If any politician in America is an expert on vulgarity it must be Jesse Ventura, lame duck governor of Minnesota.
Ventura first won fame in the World Wrestling Federation where he wore boas and called himself “the Body.” While Minnesotas chief executive, he moonlighted as a commentator for the extremely short-lived Xtreme Football League. Religiously devout people, he lamented to Playboy magazine in a 1999 interview, should be held accountable for preventing the decriminalization of drugs and prostitution.
“Organized religion,” he said, “is a sham and a crutch for weak-minded people who need strength in numbers.”
So it obviously wasnt the lack of religious content that was bugging Ventura last Tuesday night when he stood up and walked out of the Minneapolis “memorial service” for late Democratic Sen. Paul Wellstone. (The Wellstone family had held a private funeral for the deceased senator and his wife at a Minnesota synagogue on Monday.) No, it was the utter vulgarity of the politics.
“Certainly to turn a memorial into a political rally, I found quite disturbing,” Ventura said.
Having previously indicated he intended to name a Democrat to serve as Minnesotas interim U.S. senator while the results of the November 5 election were being certified, Ventura announced the morning after the memorial service that he had changed his mind. “All bets are off,” he said.
One of the first indicators that the Tuesday night event to be held in the basketball arena at the University of Minnesota was not intended to be a real “memorial” but a partisan rally came when the Wellstone family informed the White House they did not want Vice President Cheney to attend.

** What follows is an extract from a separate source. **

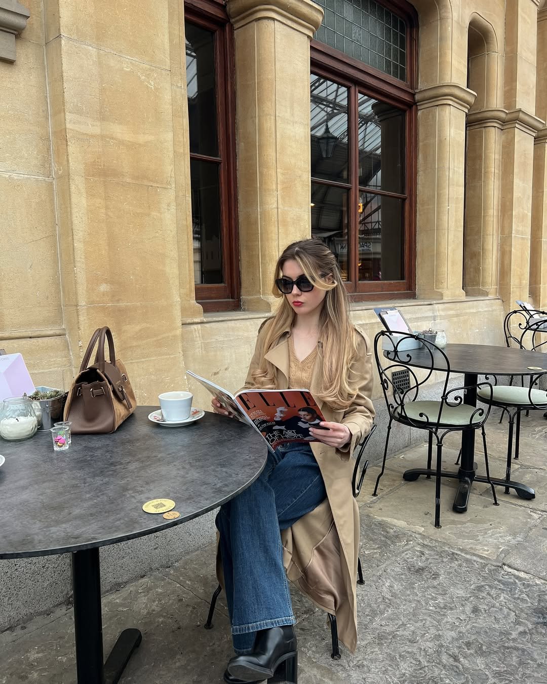 There’s something about a trench coat at a café that just works every single time. Paired with denim and a soft knit, this outfit leans into that cozy-yet-polished balance that always feels right.

Their pretext was that Cheneys Secret Service detail would disrupt the event. They did not express similar concerns, however, about the attendance of former President Clinton and former Vice President Gore, both of whom came with Secret Service protection.

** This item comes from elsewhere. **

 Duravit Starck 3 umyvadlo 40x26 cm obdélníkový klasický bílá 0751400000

The next indicator of the events crass nature came when the crowd booed Ventura, an Independent, and Senate Minority Leader Trent Lott (R.-Miss.), but cheered Clinton and newly minted Democratic Senate candidate Walter Mondale.
The event lacked solemnity, but not bratwurst. “The smell of hot dogs and onions wafted through the arena hallways as the crowd settled in,” reports the Chicago Tribune.
Even liberal news organizations reported on the oddly partisan nature of the event. “The memorial service seemed more like a political rally than a funeral, with the most impassioned political appeal coming from Wellstones youngest son,” Jonathan Karl reported on CNN.
In the middle of a speech by Wellstone fundraiser Rick Kahn, the arenas Jumbotron flashed to Walter Mondale as the crowd chanted, “Mondale! Mondale!”
According to the New York Times, Wellstones youngest son led the crowd in shouting, “We will win!”
Minnesota Republican Chairman Ron Eibensteiner later described the memorial as “raw hardball political campaigning,” and called on Minneapolis TV stations that had carried the three-and-a-half-hour event without commercial interruption to give equal time to the GOP.
Why would the Democrats desecrate the memory of their hero by converting his memorial into a rally?
The same reason every Democratic senator voted that Bill Clinton was not guilty in the 1999 impeachment trial. The same reason the party backed Al Gore in his disgraceful recount demands after the 2000 election.
There is only one thing that matters to the Democrat elite today: political power. We have seen before, and we will see again, that they will pay any cost to keep it.